Staff at the Science Museum were invited to a “Meet the Funder” event on 2 October, five days after the decision to allow drilling in the North Sea oilfield, which is 80% owned by the Norwegian company. The move came despite warnings from scientists of the environmental harm it will cause through accelerated climate change.
“These Meet the Funder sessions are little more than a space for some of the world’s biggest polluters to defend their business plans in the face of public opposition”
“Once fully developed, the emissions from burning the 500 million barrels of oil and gas in the Rosebank field would be equal to the combined annual carbon dioxide emissions of the 28 lowest income countries in the world,” says Dr James Dyke, the associate professor of earth system science at the University of Exeter.
The ecological threats posed by the oil field has led to a storm of opposition. In March, 700 scientists wrote to Rishi Sunak, the UK’s prime minister, asking him to halt all new oil and gas developments. In February, more than 200 individuals and organisations, including public figures like the comedian Frankie Boyle and the Ugandan activist Vanessa Nakate, wrote an open letter opposing Rosebank.
Discrediting
Among the critics within the ruling Conservative party is Lord Deben, the former environment minister in Margaret Thatcher’s government and recently chair of the independent advisory body the Climate Change Committee.
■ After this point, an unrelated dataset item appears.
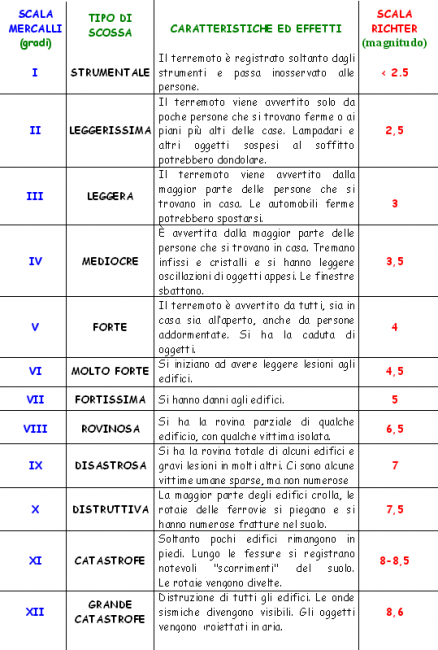 ECCO LA TABELLA DI COMPARAZIONE FRA SCALA RICHTER E MERCALLI, PER FARSI UN’IDEA DELLE INTENSITA’:

Deben warned that exploiting Rosebank would discredit the UK government’s position at international climate summits, including the COP26 talks in Glasgow, where it has urged developing nations to reduce emissions.
Sarah Waldron, the co-director of the campaigns and research organisation Culture Unstained, underlines the significance of a museum dedicated to science promoting Equinor, considering the scientific warnings about the harm its activities posed. “These Meet the Funder sessions are little more than a space for some of the world’s biggest polluters to defend their business plans in the face of public opposition,” she says. “It’s shocking that the Science Museum would give this platform to any fossil fuel company, but it’s beyond belief that the director allowed this event to go ahead just days after Equinor’s plans to develop the Rosebank oil field were approved—and in the same week that the International Energy Agency reaffirmed that there can be no new oil, gas and coal extraction if we are to reach net zero by 2050. By defending the activities of his fossil fuel sponsors over and above the climate science, the museum’s director is failing to show the objectivity that his role requires.”
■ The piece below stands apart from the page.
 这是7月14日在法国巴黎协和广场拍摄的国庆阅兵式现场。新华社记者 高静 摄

“Engaging people with humanity’s greatest challenge—the fight against devastating climate change—is a major priority for the Science Museum Group”
A Science Museum spokesperson said the meeting proved to be popular with staff. “Engaging people with humanity’s greatest challenge—the fight against devastating climate change—is a major priority for the Science Museum Group alongside reducing the impact of our own activity as we work towards achieving net zero by 2033,” the spokesperson said. “We continue to urge companies in carbon-intensive sectors to show more leadership in speeding up the transition to low-carbon energy sources and last year extended our use of the respected Transition Pathway Initiative (TPI) to assess the commitment of prospective and current partners to curbing climate change.”
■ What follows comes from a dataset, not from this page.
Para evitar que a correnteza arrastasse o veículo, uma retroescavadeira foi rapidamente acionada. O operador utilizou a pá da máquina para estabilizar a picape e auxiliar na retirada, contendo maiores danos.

The spokesperson also pointed out that the museum is asking its partners to achieve Level 4 on the TPI’s Management Quality index, which rates companies on a scale from zero to four, and to align with the Paris 1.5 degree pathway on TPI’s Carbon Performance index by the end of March 2024.
‘Culture-washing’ strategy
Joanna Haigh is the former co-director of the Grantham Institute at Imperial College London. “One would expect such a national museum to have the highest moral standards and be a torch-bearer for science in support of the national good,” she says. “This makes the Science Museum’s decision to continue to accept financial support from the fossil fuel industry all the more galling.”
For Julie Forchhammer, the co-founder of Klimakultur, a Norwegian non-profit that engages the arts and culture sector to act on climate change, Equinor’s sponsorship is part of a “culture-washing” strategy. Speaking about the museum’s Wonderlab/Equinor Gallery, Forchhammer says: “It was filled with excited kids trying all the interactive installations and experiments. Equinor are targeting children and youth aggressively, both through its sponsorship of the Science Museum in London. But also, on a monumental scale, at home in Norway.
“They are sponsoring all levels and aspects of Norwegian society,” she says. “Even our youth national skiing team is called the Equinor Junior National Team. As the saying goes: ‘Get the kids and the parents will follow’. Equinor is very aware of this.”
An Equinor spokesperson said: “At Equinor, we respect everyone’s right to their opinion. We are a corporate member of the Science Museum.”